Раздался веселый чпок, проявился пенный запах: это распоясавшийся Сольман открыл пивную банку и предложил залакировать.
Павел
— Как хотите, мне больше достанется, — по-русски возразил ему Сольман, выпил залпом и по-английски (чтобы получилось коротко и четко) рассказал про музейный проект. Выделено восемнадцать миллионов крон. Королевский фонд сканирует все главные картины мира — те, на которых держится цивилизация. Их выложат на общую платформу. Скорость интернета увеличится, и можно будет из любого города, да что из города! деревни! заходить на виртуальный склад и скачивать любые образы. Люди будут плавать в них, как плод в плаценте; переходя на английский, Сольман избегал искусственного просторечия, и говорил подчеркнуто литературно.

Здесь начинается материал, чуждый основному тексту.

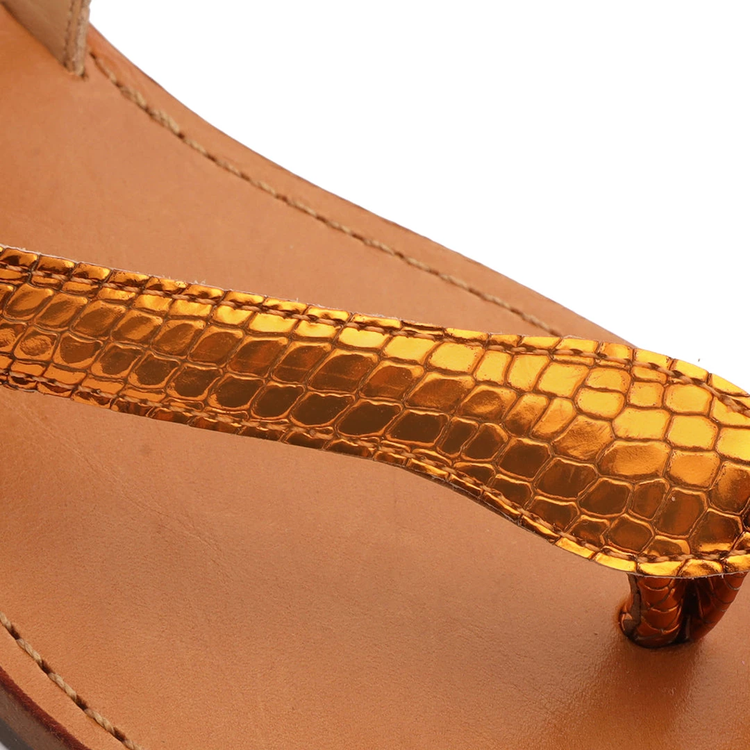 The Courtney Sandal is a flat silhouette crafted from metallic leather with slim, sculptural straps.

Павел смотрел на экран, потрясенный, счастливый. Как щенок, которого, мотая в воздухе, за шкирку отнесли во двор. Сколько новых впечатлений! Двор огромный! Из конца в конец бежать — не добежишь! Сердце бешено забилось, кровь прилила к голове, начало немного морозить, покручивать руки в запястьях, как в детстве при игре в крапивку; он успел насмешливо подумать: что за девическая впечатлительность? И плюхнулся на стул: внезапно подкосились ноги.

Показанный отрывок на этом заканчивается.